Хотя детям и гимназистам вход в это таинственное отделение, занавешенное
ситцевой гардиной, был запрещен, но дама, сидевшая при входе за маленьким столиком и собиравшая в блюдечко пятаки, смотрела на это сквозь пальцы, и некоторые подростки, мои товарищи, уже побывали за ситцевой занавеской, но от них нельзя было ничего добиться, они странно молчали, всем своим видом и скользящими, загадочными улыбками давали понять, что они увидели нечто очень соблазнительное, даже, может быть, порочное.
На все вопросы они отвечали:
— Пойдешь — увидишь.
Моя фантазия, подогретая молчаливыми, многообещающими улыбками, распалилась, и я решил пожертвовать частью своих скудных сбережений.
Мне представлялись соблазнительные картины, и я жаждал увидеть тайны любви, о которых лишь смутно догадывался.
Я не рискнул идти один и взял с собой Мишку Галия, или, как мы его называли, Галика, уличного мальчика, внука малофонтанского рыбака.
Галик гордо заявил, что заплатит сам за себя, и, вынув из-за пазухи, показал мне громадный расплющенный пятак, побывавший уже на рельсах под вагоном конки.

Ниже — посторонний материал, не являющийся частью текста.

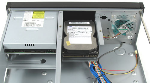 A Chieftec tervezői úgy gondolták, hogy aki egyszer összerakja – vagy inkább összerakatja – a HTPC-jét, az nem fogja túl gyakran szétszedni. A fekete fémborítás mindhárom oldala egyött jön le, egy masszív, U alakú lemez formájában. Hagyományos csavarok tartják a helyén, így segédeszközre lesz szükségünk eltávolításához. Az optikai meghajtó beszereléséhez további két csavart kellett kitekerni az előlap két oldalán. A lenyíló homlokzat mögött egy 8 centiméteres ventilátorhelyet is találtunk.
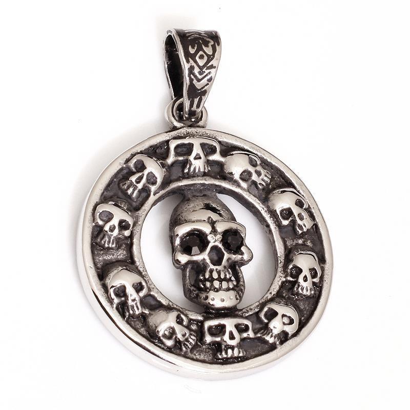 Edelstahlanhänger mit Totenkopd und schwarzen Glitzersteinchen.
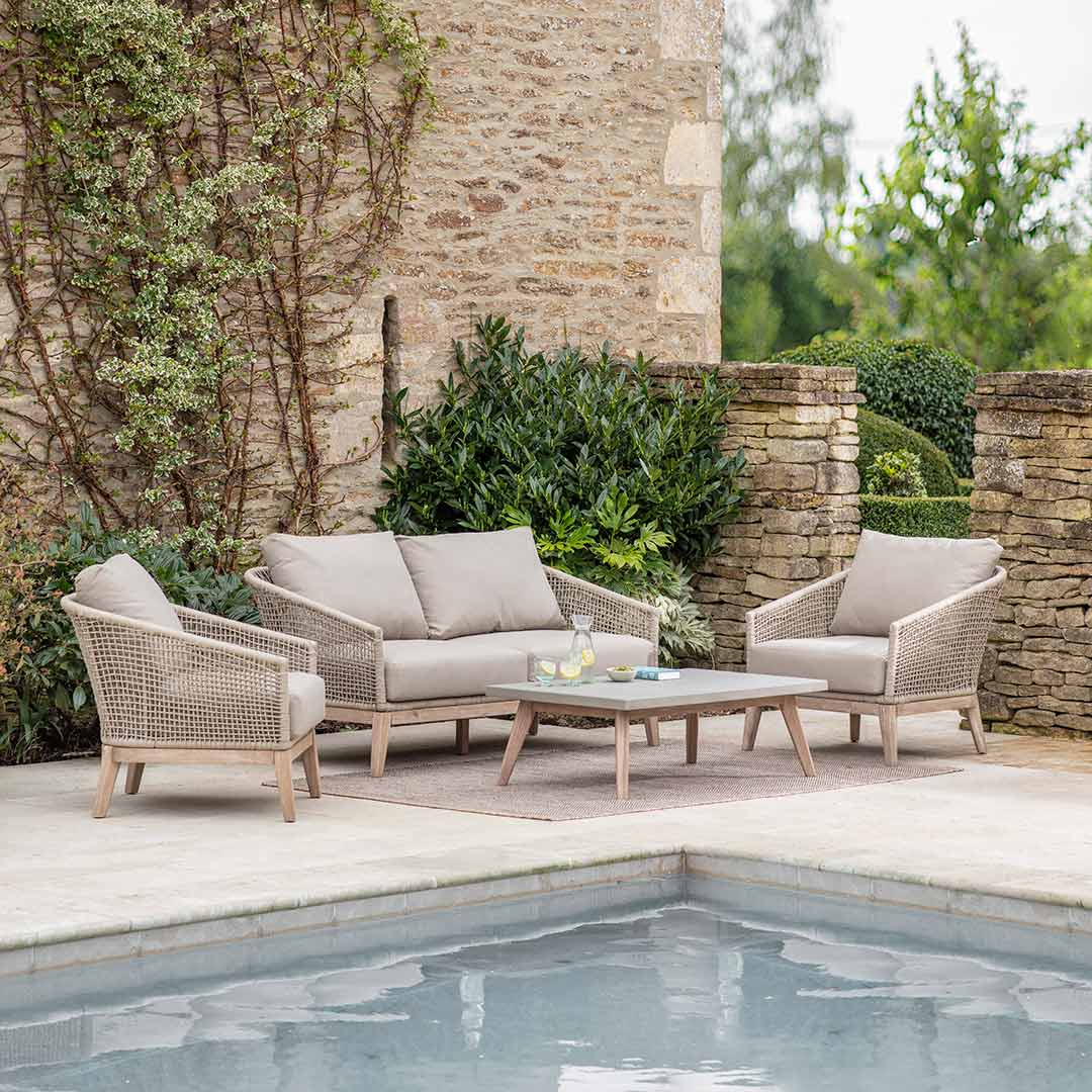 Crafted from durable and weatherproof acacia wood, this set is designed to withstand the elements while still exuding charm and sophistication. The Lynton 2 Seater Sofa provides ample seating space for you and a loved one to cosy up and enjoy the fresh air, while the two accompanying Lynton Armchairs offer additional seating options for friends and family.
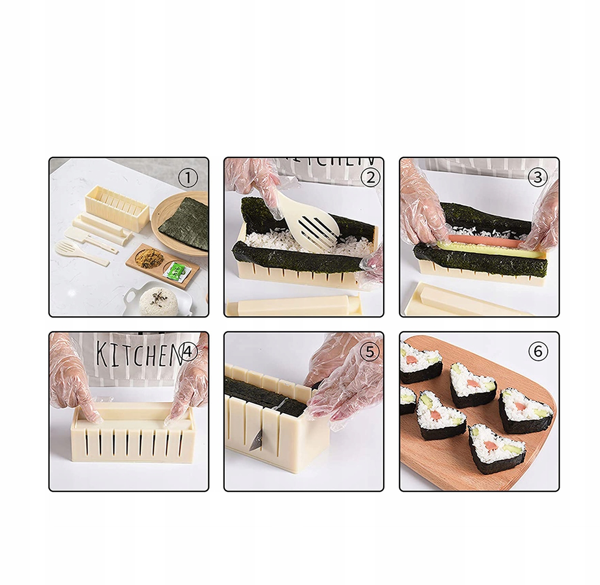 (В комплект входят: 1 рисовая вилка, 1 лопаточка с антипригарным покрытием, две пары палочек для еды. 8 формочек для суши, в том числе: треугольник, сердце, классический круглый, маленький квадрат, прямоугольник, форма животного, полукруг, веерная форма)
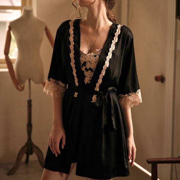 「爆買」光沢感の高級なセクシーナイトローブ3点セット
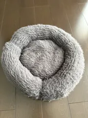 着なくなったカーディガンをリメイクしてベッドを作りました袖の手首の部分が少し細くなりましたがアゴ乗せに良いかな😁
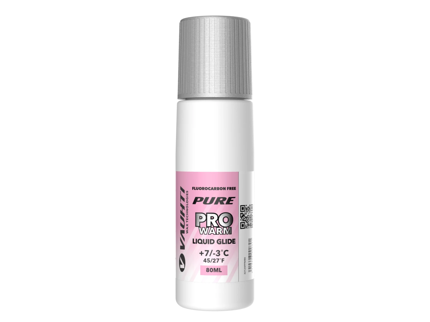 Vauhti PRO was the top level of fluoro-free waxes until their RACE series of liquids came out! PURE PRO fluoro-free liquid glide waxes are processed in two steps. First powder-form raw materials are homogenized and then processed in organic solvents to give high-performance liquids in racing skiing. High-quality hydrocarbon ingredients, zinc stearate and silicon wax gives excellence performance and good durability to the products in all weather conditions. Especially for old and artificial snow. PURE PRO WARM Liquid is for saturated snow above -3C. It is usually used as a top coat for base melt waxes or powders, but can also be used as a base wax on its own.

Мы сначала побродили по балагану, без особого интереса рассматривая общеизвестные восковые фигуры в стеклянных ящиках, бледно освещенные дневным, «балаганным» светом, монотонно проникающим сквозь парусиновую крышу: убийство французского президента Сади Карно, бородатого господина с орденской лентой под фраком, с пятнами крови на пикейном жилете; египетскую царицу Клеопатру, время от времени прижимающую своей механической рукой к восковой нарумяненной груди маленькую извивающуюся гадючку; сиамских близнецов, девочек Дудику и Рудику, сросшихся друг с другом грудными клетками. У них были волнистые волосы и стеклянные глаза…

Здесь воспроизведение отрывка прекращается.